Figure 11 – Average of Global Land+Sea Surface Temperature Anomaly Products

The flatness of the data since 2001 is very obvious, as is the fact that surface temperatures have rarely risen above those created by the 1997/98 El Niño in the surface temperature data. There is a very simple reason for this: the 1997/98 El Niño released enough sunlight-created warm water from beneath the surface of the tropical Pacific to permanently raise the temperature of about 66% of the surface of the global oceans by almost 0.2 deg C. Sea surface temperatures for that portion of the global oceans remained relatively flat until the El Niño of 2009/10, when the surface temperatures of the portion of the global oceans shifted slightly higher again. Prior to that, it was the 1986/87/88 El Niño that caused surface temperatures to shift upwards. If these naturally occurring upward shifts in surface temperatures are new to you, please see the illustrated essay “The Manmade Global Warming Challenge” (42mb) for an introduction.

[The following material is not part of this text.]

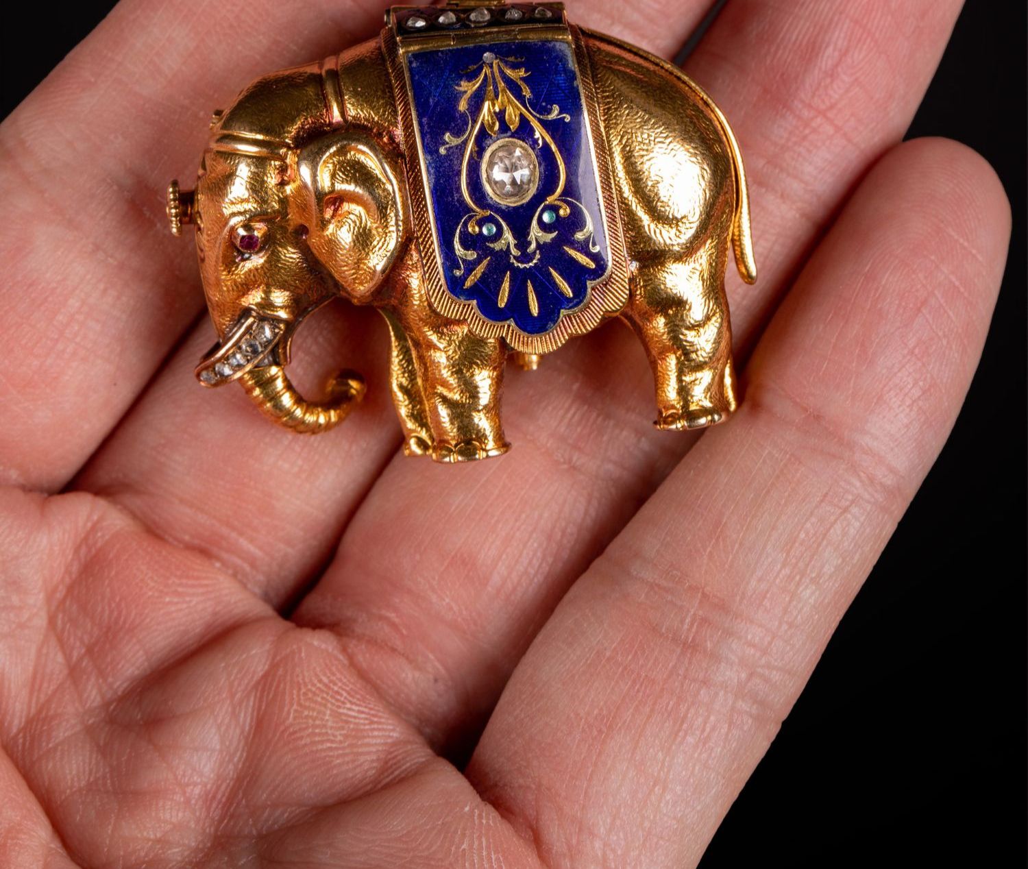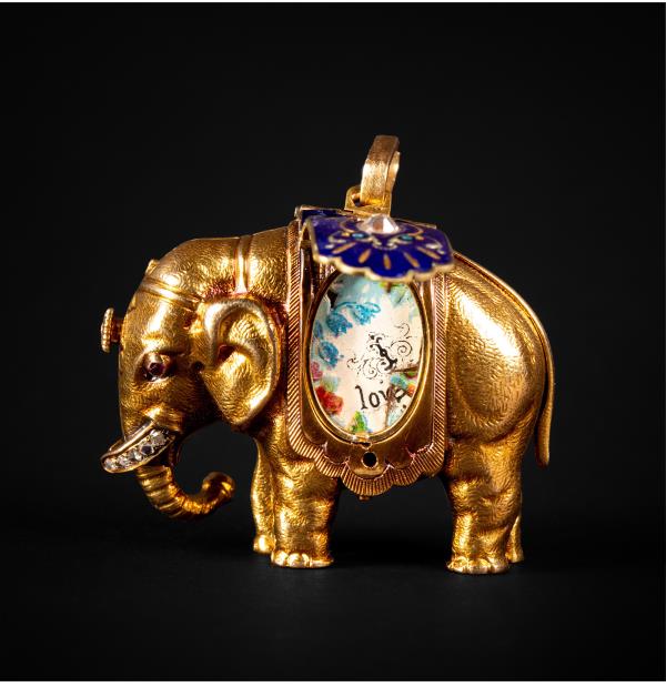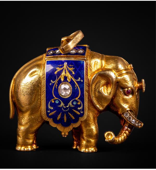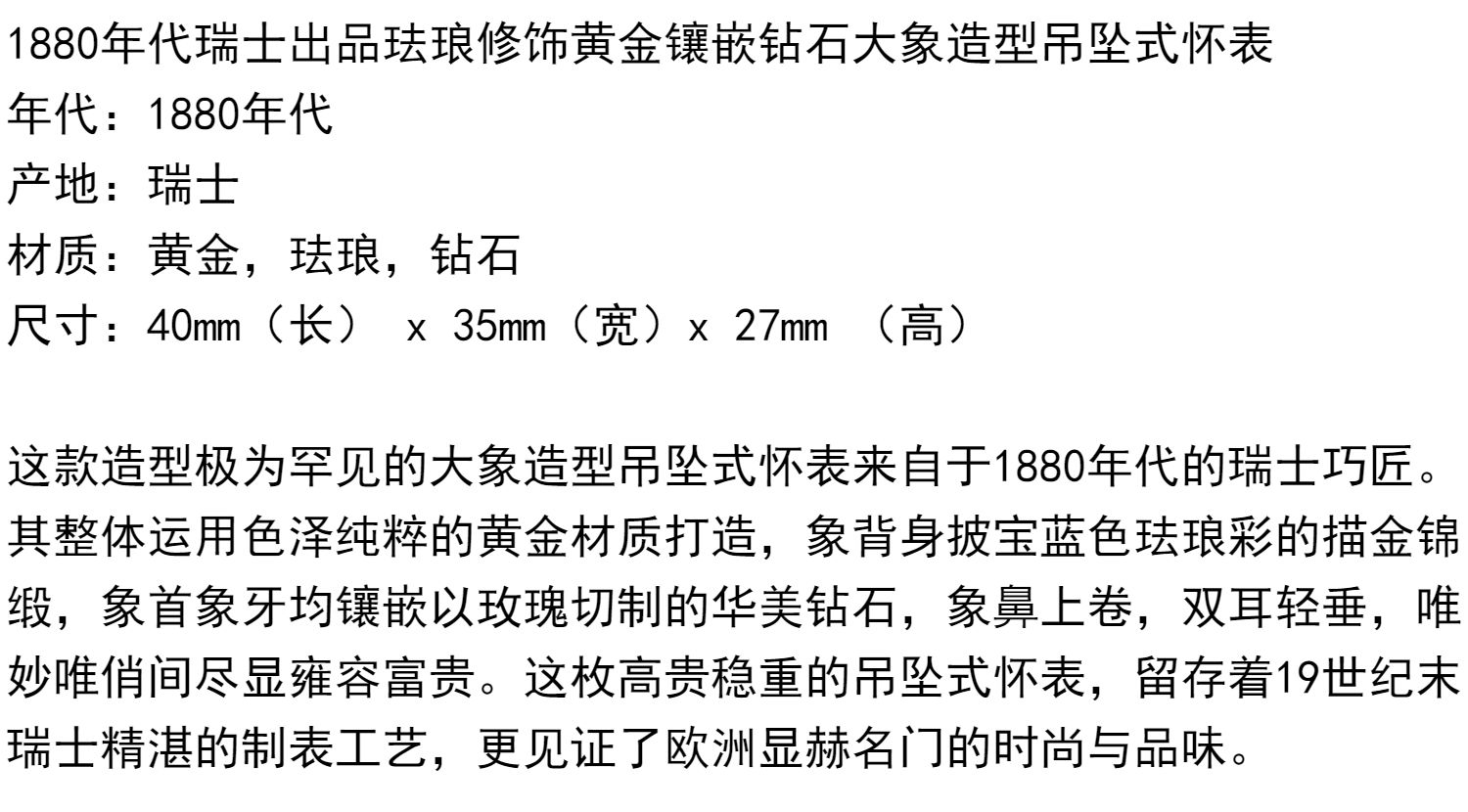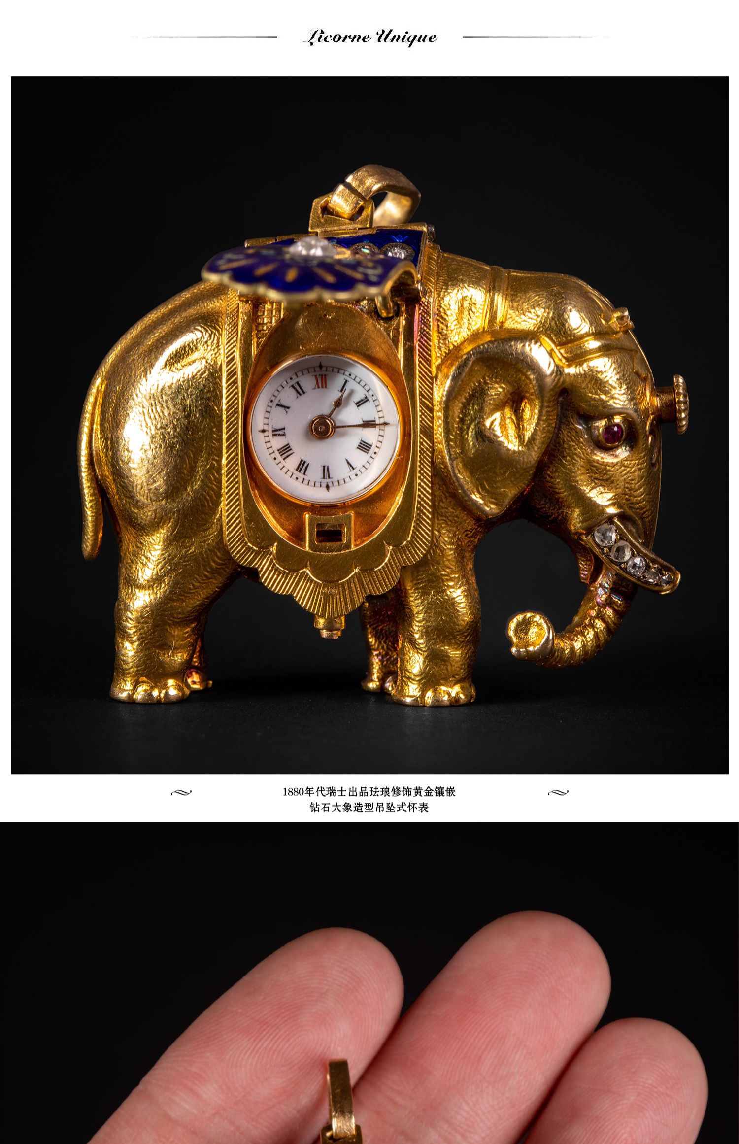独角鹿西洋古董钟表瑞士珐琅饰黄金镶嵌钻石大象造型吊坠式怀表

MONTHLY SEA SURFACE TEMPERATURE UPDATE

The most recent sea surface temperature update can be found here. The satellite-enhanced sea surface temperature data (Reynolds OI.2) are presented in global, hemispheric and ocean-basin bases. We discussed the recent record-high global sea surface temperatures and the reasons for them in the post On The Recent Record-High Global Sea Surface Temperatures – The Wheres and Whys.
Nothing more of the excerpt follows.